Extrait de « L’Humanité » du 05.09.06 : Rebaptisé « ambition réussite », le collège Iqbal-Masih a toujours les mêmes défis

Iqbal-Masih, à Saint-Denis, fait partie des 249 collèges anciennement ZEP qui disposent du redéploiement de quelques moyens supplémentaires. Vendredi, des enseignants exprimaient leurs espoirs et surtout leurs réserves.
Iqbal-Masih est un collège de Seine-Saint-Denis dont le hall est vitré sur cinq mètres de haut. S’y reflète le bâtiment voisin, en travaux. Symboliquement l’image n’est pas mauvaise. L’établissement scolaire attaque lui aussi un chantier : celui écopé de la réforme des ZEP qui le classe parmi les 249 collèges « ambition réussite ». Un statut neuf, qui lui vaut une rentrée singulière, quelques moyens en plus, de nouvelles prérogatives et des doutes à la pelle (lire le décryptage).

Avec, d’abord ce sentiment de flou, entendu chez les professeurs vendredi, à l’issue d’une journée de réunions. Concernant le conseil pédagogique, par exemple, que personne, en juin, n’évoquait. « Nous avions posé la question », glisse Laeticia, prof d’anglais. « On nous a répondu que si l’on ne nous en parlait pas, c’était pour une bonne raison... » On leur dit à présent que tous les personnels y seront représentés. Le pouvoir de cette assemblée ? « Consultatif, je crois... » Son rôle ? « Faire le diagnostic des dispositifs, s’engager sur des objectifs. » Concrètement ? « Il y a des pistes », avance Lise, enseignante elle aussi. « Mais l’immédiat est flou. »
Flou, encore, le principe de la note de vie scolaire. Même histoire : « Elle ne nous a été confirmée qu’aujourd’hui ». À peine eu le temps d’en discuter entre eux.

Floue, surtout, cette masse qui leur tombe sur le poil et à laquelle ils n’ont pas eu le temps de réfléchir. Un classique. « Quoiqu’il se passe, nous n’avons jamais le temps de l’analyser », déplore Guillaume. Et maintenant, ces informations inédites, qui mixent réforme des ZEP et loi Fillon. « Je me sens comme un jeune joueur de tennis vers qui l’on jetterait des centaines de balles. » Jeunes, beaucoup le sont, ici, où les trentenaires font figure d’anciens. L’idée s’exprime que le gouvernement, après avoir fait ses annonces, leur dit « démerdez-vous ». « On a la tête dans le guidon et on nous demande d’avoir les pieds sur terre... », résume Arnaud.

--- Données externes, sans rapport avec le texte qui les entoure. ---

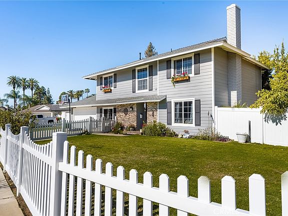Welcome to this turnkey two-story home located in a highly desired neighborhood in Placentia. This gorgeous pool home offers 5 bedrooms, 2.5 bathrooms, 2,080 square feet of living space and an amazing corner lot. As you walk up the brick entry way and enter through the Dutch front door you are greeted by an open concept floor plan with plank tile flooring, and a family room and dining room that is open to the large kitchen and bar area. The kitchen offers cottage cabinets, a farmhouse sink, beautiful granite countertops, marble backsplash with a custom mosaic oven backsplash, stainless appliances, and plenty of pantry space. The fireplace is customized with a marble hearth and a herringbone fireplace surround. There are canned ceiling lights and double paned windows throughout the home, and a separate laundry room. There is also bedroom downstairs along with a half bath. Upstairs there is luxury vinyl plank flooring with 3 bedrooms and 2 full bathrooms. The 5th bedroom option is a master retreat that can be converted back to make a 5th bedroom if needed. Step outside through the French doors into the large backyard which boasts a pool, side yard, patio and gazebo to entertain your guests. The front yard is enclosed with a white picket fence which will keep your pets and your little ones safe. The home is walking distance to Brookhaven Elementary, Tuffree Middle and El Dorado High School. Just blocks away is Tri-City park with biking and walking trails, fishing, playgrounds, picnics and pickleball courts for your pleasure. The home is near great restaurants and shopping. With relaxation and entertainment in mind, this home does not disappoint. Come tour the home for yourself and enjoy this amazing family neighborhood.

Quant au bien fondé des réformes, tous ne partagent pas le même avis. La marge d’interprétation des dispositifs est vaste. Albane est plutôt optimiste, de même qu’Alice, Stéphanie et Marc, les quatre nouveaux professeurs référents. Tous ont postulé d’eux-mêmes à cette fonction. « La liberté de créer, l’espoir de construire des choses neuves avec les élèves... », décline Albane. Marc : « Être acteur du système, c’est se donner une chance de le maîtriser... » Albane : « Nous ne sommes pas des béni-oui-oui, mais quand on nous donne des moyens, on les prend. » Quitte à mettre ses idées entre parenthèses.
Les autres reniflent un miel envenimé, nuisible à la longue aux élèves. « Cette année, quelques moyens. Mais l’an prochain, le socle commun... », résume Suzanne. La logique globale lui paraît dangereuse. « Mais je ne peux pas encore le démonter. »

Le débat sur les programmes personnalisés de réussite éducative (PPRE), illustre assez bien le propos.
Marc : « Il s’agit de définir ce que l’équipe peut faire face à une difficulté. Par exemple, travailler en petits groupes sur les notions qui bloquent. Faire de la pédagogie différenciée. » Cette réflexion s’inspire des textes, dit-il. Lise : « Ils risquent tout autant de favoriser les groupes de niveaux, avec des exigences fortes pour certains, minimales pour les autres, qui seront laissés de côté. »

Stéphanie : « Si l’on peut renouer le dialogue avec eux, passer un mois sans incident, ce sera déjà une réussite. » Laeticia : « Baisser les effectifs des classes serait tout aussi efficace, tant pour la pédagogie que pour la discipline. » Reste une réalité : aucune heure n’a été débloquée pour ces PPRE.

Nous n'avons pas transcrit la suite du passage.